Все меняется… Только я не меняюсь! Только я! Иду босой, рваный, ноги себе ободрал о жнивье. И один камень у меня в руке, а другой — на сердце. И вечер-то такой выдался, степной, синий, — точно ворон.

Кончилась пшеница, начались луга, и совсем стемнело; так вот с камнем я и вошел по пояс в росу.
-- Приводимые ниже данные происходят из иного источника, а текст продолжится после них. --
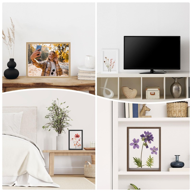 - [Functional Design] - The double acrylic photo frame features a modern design that showcases dried flowers between two transparent panels, creating a stunning floating effect. The wooden frame adds a rustic charm, complementing the delicate beauty of pressed flowers and adding an elegant touch to your decor
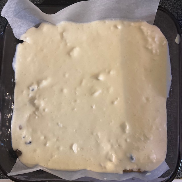 - The third layer is the cheesecake layer. Cover the chips with the cheesecake as evenly as possible.
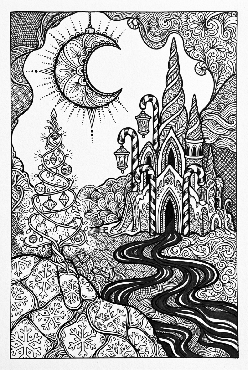 You can go classic and use reds and browns for the cathedral, or mix in blues and purples for an icy twist. The cocoa river is perfect for a shiny silver or a deep chocolate shade. For the pine, think evergreen greens and bright yellow lights. And don’t forget to add some sparkle to the moon and the snowflakes – a bit of glitter pen or metallic crayon can make them pop.
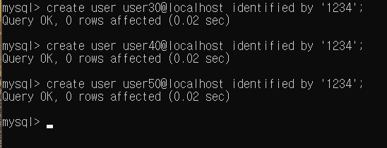 create user username@ip identified by 'password'; 를 통해 host에 사용자를 추가한다.
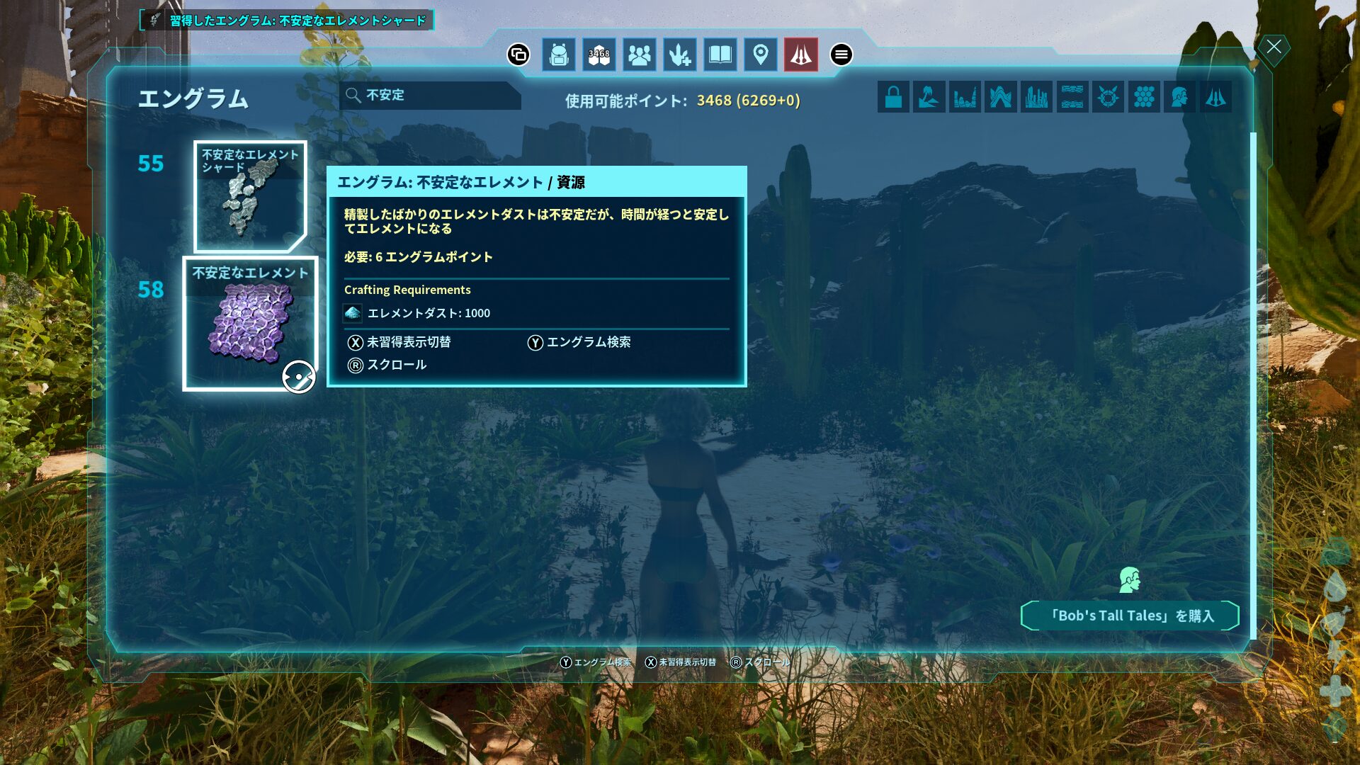 もちろんこのままだとただのエレメントダストなので、エレメントダストを今度は不安定なエレメントに変換します!因みに不安定なエレメントのエングラム開放レベルは58レベルで、エレメントダスト1000個で1個製作可能となっています!
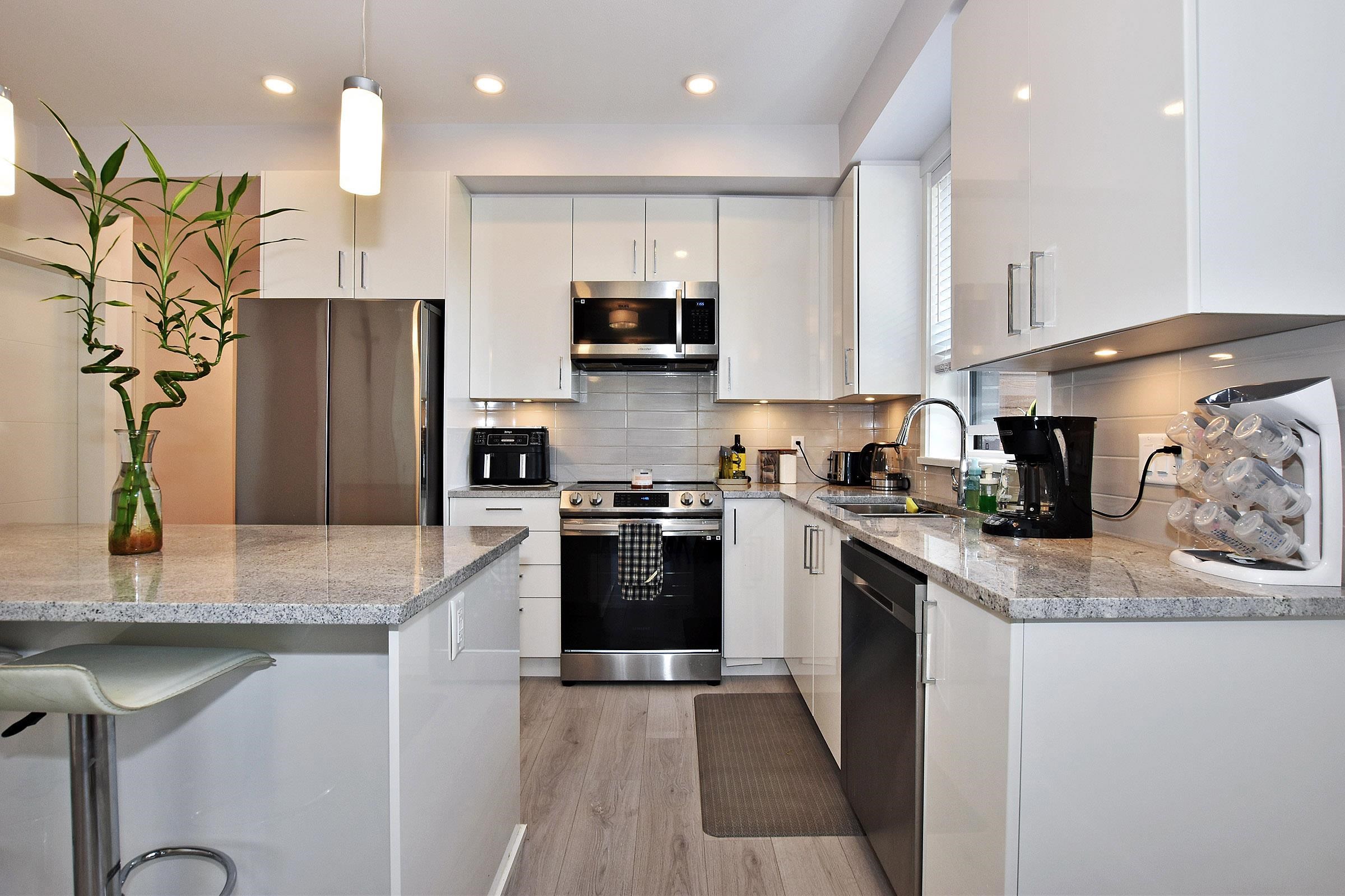 WELCOME TO THE PRESTON! LARGEST UNIT IN THE COMPLEX! Urban luxury lifestyle in the city!!! This first-floor unit has two bedrooms, two bathrooms, a den, and two parking spaces. Adorable as can be + move-in ready!. Award-winning Redekop Faye constructed a well-liked condo in the West Coast style. Gorgeous laminate flooring, well furnished with designer paint, and lots of windows letting in natural light. High-end S/S appliances, granite worktops, and an undermount sink are features of the kitchen's contempor...
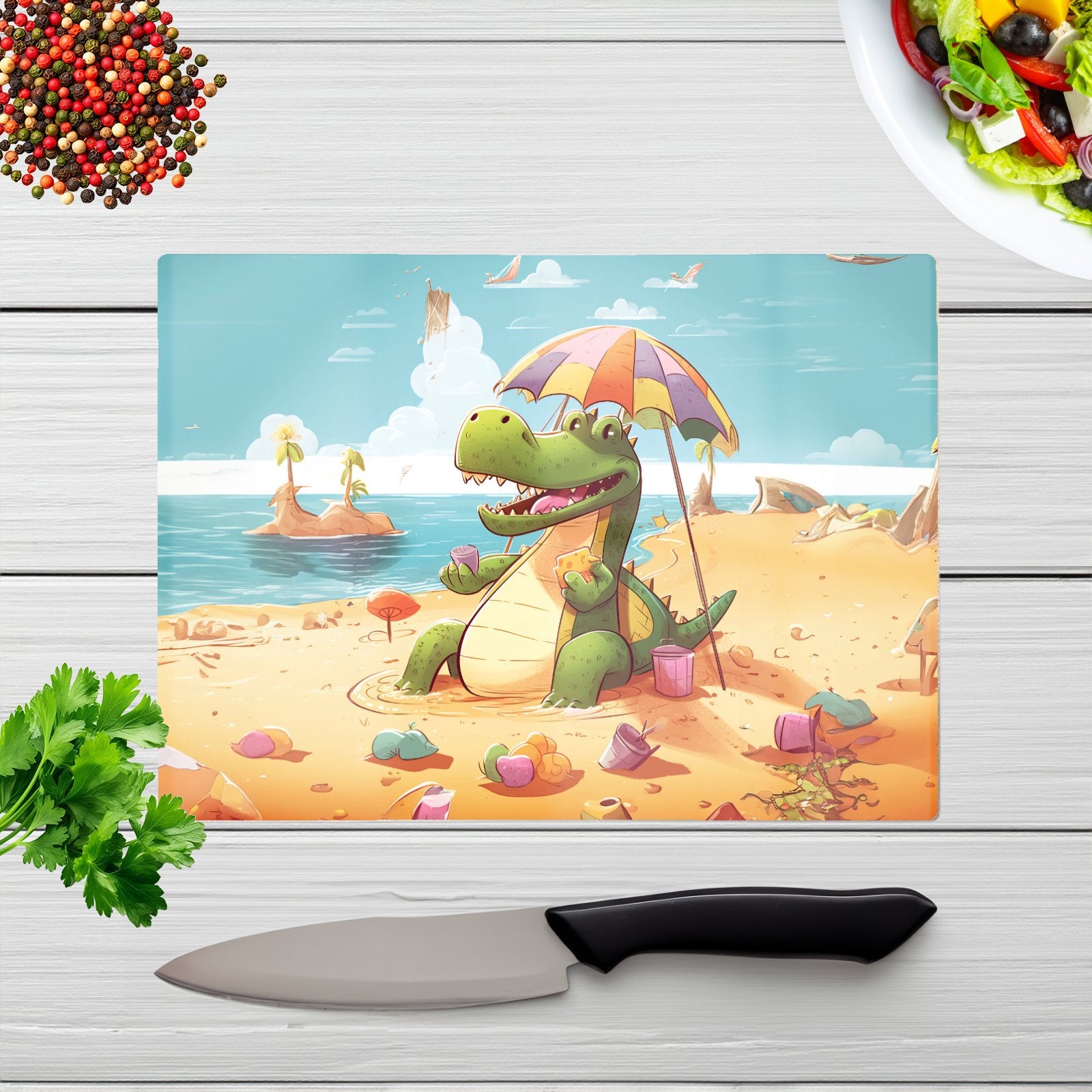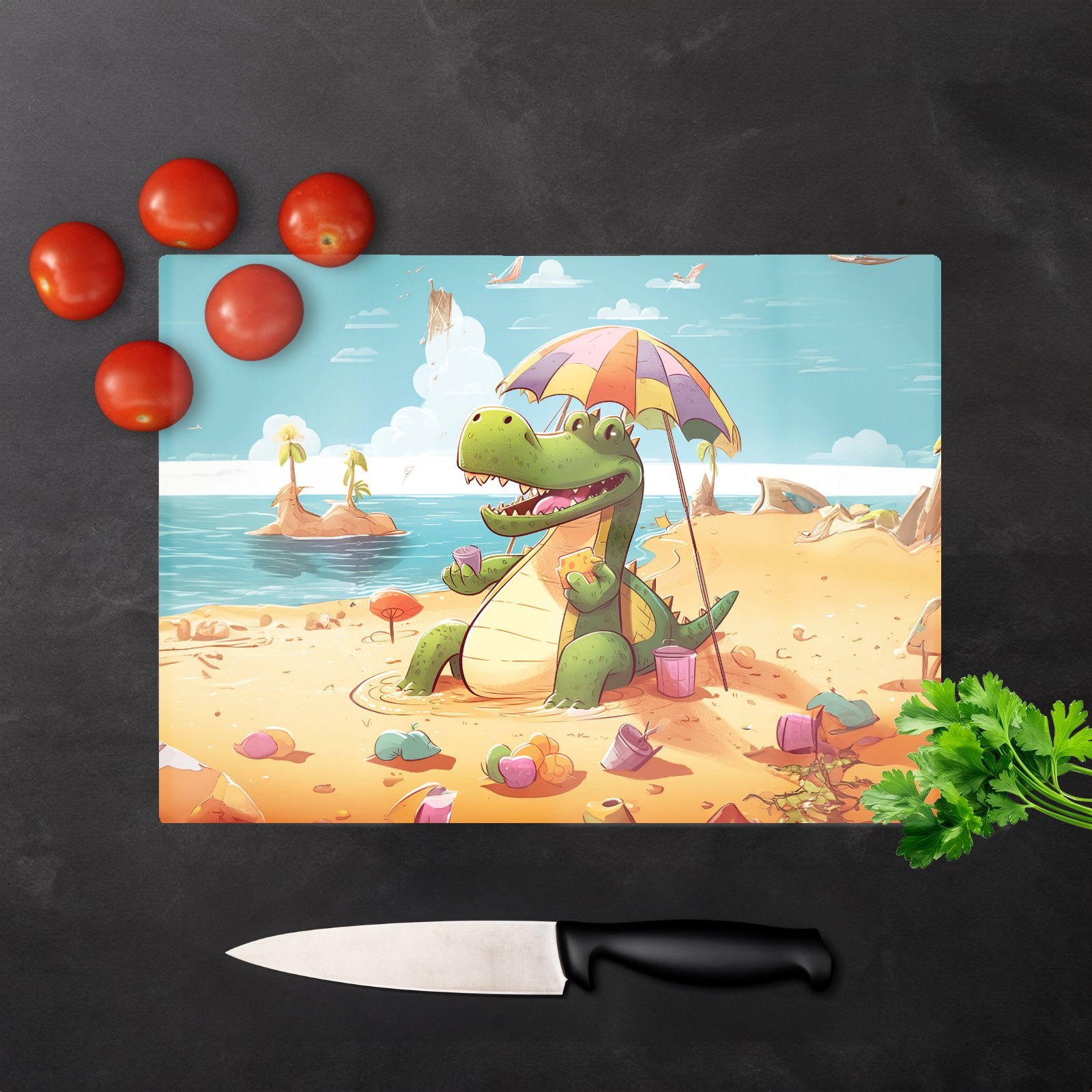 A Crocodile On A Beach Holiday Glass Chopping Board
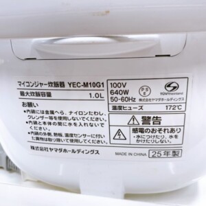 YEC-M10G1は比較的新しいモデルで、単身用サイズとして一定の需要があります。今回は年式が新しく、状態が良好である点を評価しました。他社では小型炊飯器はまとめ扱いになるケースも多い中、再販可能と判断できたため、1,800円での査定価格をご提示しました。
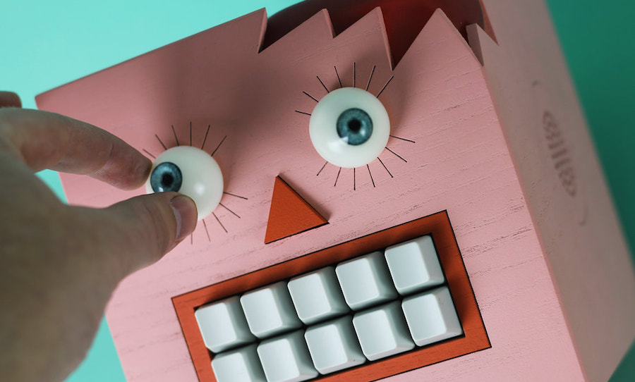 Mr Typo is the latest design by Love Hultén, an expert craftsman who usually makes beautiful handmade devices. This one, however, is not so beautiful. It’s a wall mounted speech synthesiser that regurgitates text-files in irregular sentence structures, using Markov chains on a Rasberry Pi computer. Oh yeah, and ‘it’ doesn’t have a keyboard.

Слышу, коровы траву режут, комары поют. Близко речка. Над оврагом ветлы росли. И знаю я: у этих ветел всегда пастухи ночуют. Подобрался я ближе к оврагу, вижу: огонек в ямке чуть тлеет, и сидит у огня Лысовой этот, голову в дым сует, от комаров спасается; с ним собачка, тоже в дым лезет. Забила себе нос, ничего не чует. Гляжу я на пастуха. Камня из рук не выпускаю, вот, думаю, случай, а злости уж той нет. Все дрохва из головы не выходит. Но вспомнил я тут, как он меня за шиворот держал, и нацелился камнем. Однако, бросить не успел. Собачка вдруг как кинется! Хотела, должно быть, на меня, да бывает, видно, и у собак промах — так на угли животом и легла. Вот оно что, — в раздумье закончил пастух.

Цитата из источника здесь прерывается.